Exercise goal:
Going from the top of the listing below to the line that holds "ESP를 검색하여 아래와", reproduce each line exactly; no pictures.

Given data:
==*==

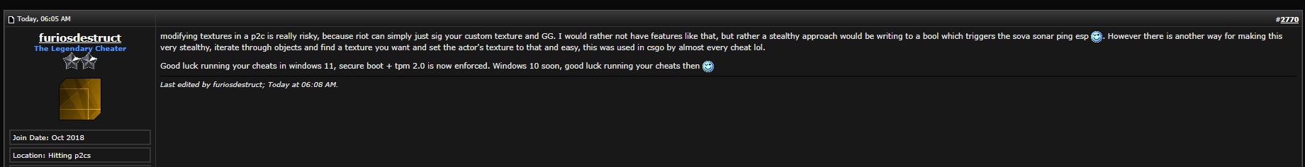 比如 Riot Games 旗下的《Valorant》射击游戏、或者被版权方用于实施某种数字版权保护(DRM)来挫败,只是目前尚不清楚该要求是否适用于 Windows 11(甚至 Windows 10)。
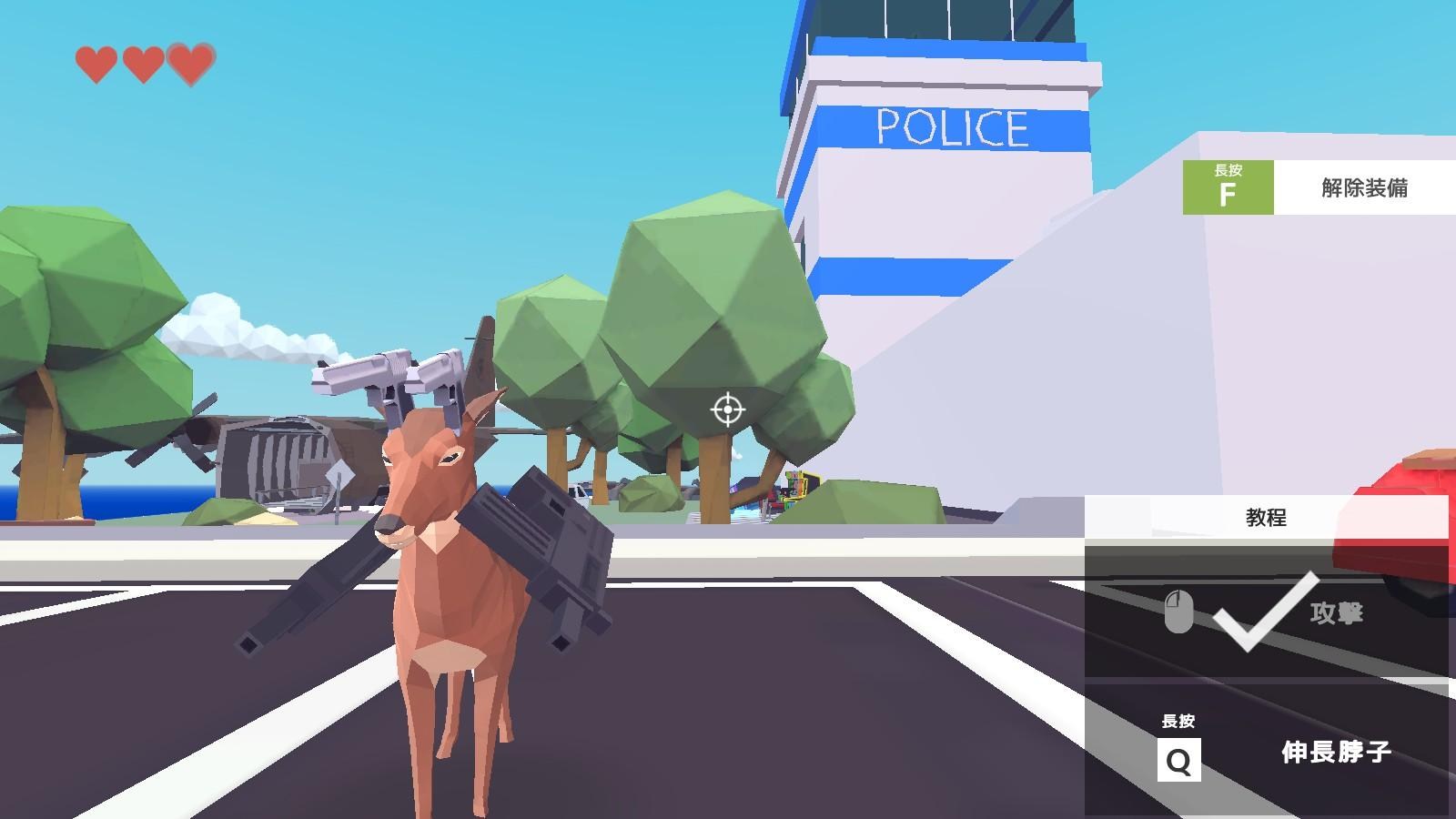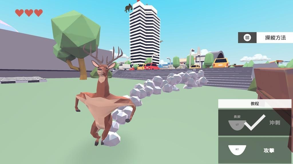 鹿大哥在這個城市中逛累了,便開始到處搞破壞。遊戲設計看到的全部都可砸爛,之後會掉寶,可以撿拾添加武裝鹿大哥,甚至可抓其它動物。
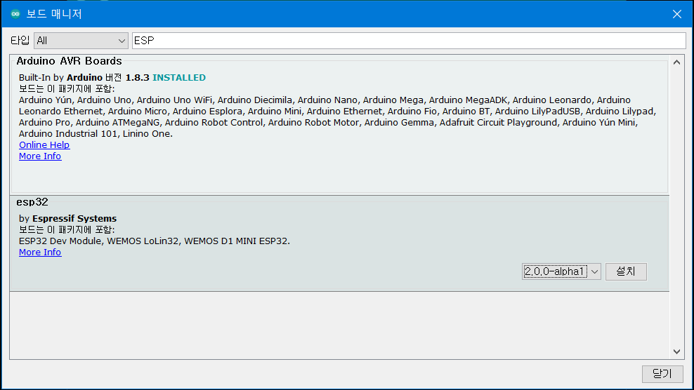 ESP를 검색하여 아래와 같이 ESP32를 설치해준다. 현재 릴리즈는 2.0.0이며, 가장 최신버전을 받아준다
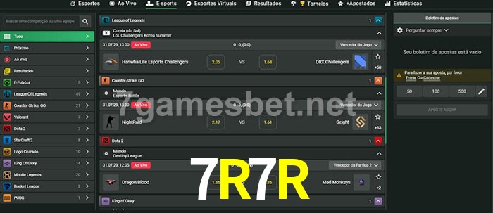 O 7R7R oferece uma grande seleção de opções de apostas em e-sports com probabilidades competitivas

==*==

Task result:
 比如 Riot Games 旗下的《Valorant》射击游戏、或者被版权方用于实施某种数字版权保护(DRM)来挫败,只是目前尚不清楚该要求是否适用于 Windows 11(甚至 Windows 10)。
 鹿大哥在這個城市中逛累了,便開始到處搞破壞。遊戲設計看到的全部都可砸爛,之後會掉寶,可以撿拾添加武裝鹿大哥,甚至可抓其它動物。
 ESP를 검색하여 아래와 같이 ESP32를 설치해준다. 현재 릴리즈는 2.0.0이며, 가장 최신버전을 받아준다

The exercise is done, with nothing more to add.